Sometimes adult children take in their parents to help them avoid going into a nursing home. Nancy Koppelman, 50, who teaches American studies at a college, moved her 79-year-old mother, Ruby Koppelman, a retired art therapist, into her family's home in Olympia last spring. Ruby Koppelman, who has Alzheimer's disease, goes to a program for seniors every day while the rest of the family is at work or school. "She's in a mental situation where she is still lucid and recognizes everyone that she loves, but her short-term memory is only about two or three minutes long," Nancy Koppelman says. "She would be fed and clothed and warm in assisted living, but she wouldn't be loved there. She is much more likely to maintain her mental health being with family." Koppelman and her husband, Steve Blakeslee, took out a loan to build an addition with a room and a private bath for her mother, which Ruby Koppelman pays back from her Social Security benefits and her pension.
Benefits. Nancy Koppelman enjoys watching her children interact with her mother. "The whole situation has forced us all to slow life down," she says. "It is really good for old people to have younger people take care of them who love them, and it is really good for young people to have to stretch themselves out of their own immediate needs. This forced them to think about someone else's needs as well."
Yet caregiving can put a lot of stress on family members, says psychologist Newman. "If healthcare needs are fairly extensive, you want to make sure you have someone to cover for you so that you can get out and are not on call 24/7," she says. The Koppelman family has had to adjust its schedule so that someone is always at home with the elder Koppelman when a paid caregiver isn't available.

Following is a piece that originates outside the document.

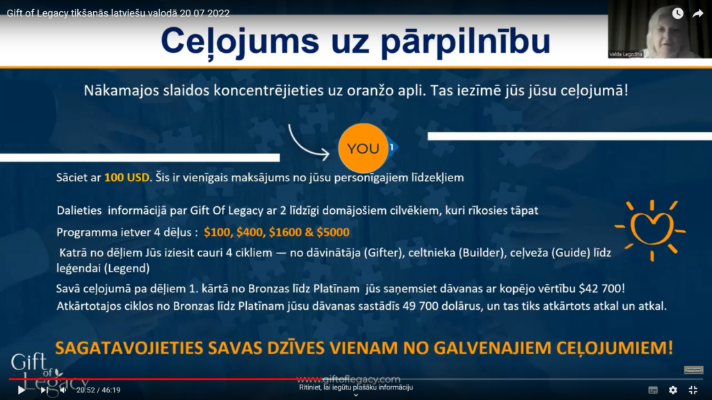 “YouTube” platformā izplatīts aicinājums iesaistīties piramīdveida shēmā “Gift of Legacy”, solot līdz pat 42 700 dolāru lielu peļņu, sākotnēji investējot (dāvinot) 100 dolārus. Videomateriālā izskaidrota shēmas būtība – “dāvinot” 100 dolārus un piesaistot vismaz divus jaunus “dāvinātājus”, jaunais dalībnieks nonāk nākamajā kārtā, savukārt brīdī, kad katrs no piesaistītajiem “dāvinātājiem” atkal būs atradis vismaz divus “dāvinātājus”, dalībnieks nonāk tālāk nākamajā kārtā. Pēc vēl viena šāda cikla atkārtošanās tiek saņemta iespēja kļūt par to personu, kas pati saņem “dāvinājumus”. Kļūstot par saņēmēju un veicot jau lielākas iemaksas nākamajā līmenī, tiek piedāvāts pakāpeniski saņemt “dāvanās” līdz pat 42 700 dolāriem. Tādējādi sākotnēji jaunam dalībniekam kā “dāvinātājam” jāsamaksā 100 dolāri, otrajā līmenī 400, trešajā līmenī 1600 un ceturtajā jau 5 000 dolāru, par to solot pasakainu peļņu 42 700 dolāru apmērā. Vienlaikus videomateriālā nepārtraukti tiek mudināts veidot savu “komandu”, proti, piesaistīt jaunus “dāvinātājus”, kas palīdzēs ātrāk sasniegt mērķi. PTAC brīdina, ka šī ir klasiska piramīdveida shēma un aicina patērētājus šādā un līdzīgās shēmās neiesaistīties.

Carolyn Nutt recruited her two sisters and brother to stay with her mother so she could go on vacation. "The hardest thing for me is trying to carve out some time for me just to get away," she says. "We just don't feel comfortable trusting a stranger in the house to take care of all Mom's needs."
Cramped living spaces can also lead to problems. A relationship with an overcritical or "guilt tripping" parent may be tolerable if you are living apart, but "it can become much more exasperating" in closer quarters, Coleman says. Even in the best situations, adults need their own space. Allegra Hinkle has her own bedroom and bathroom in her shared three-bedroom house, with private front and back entrances. "I think it's really important that you still have your own space that is just yours," she says. "When my door is closed, they knock on the door."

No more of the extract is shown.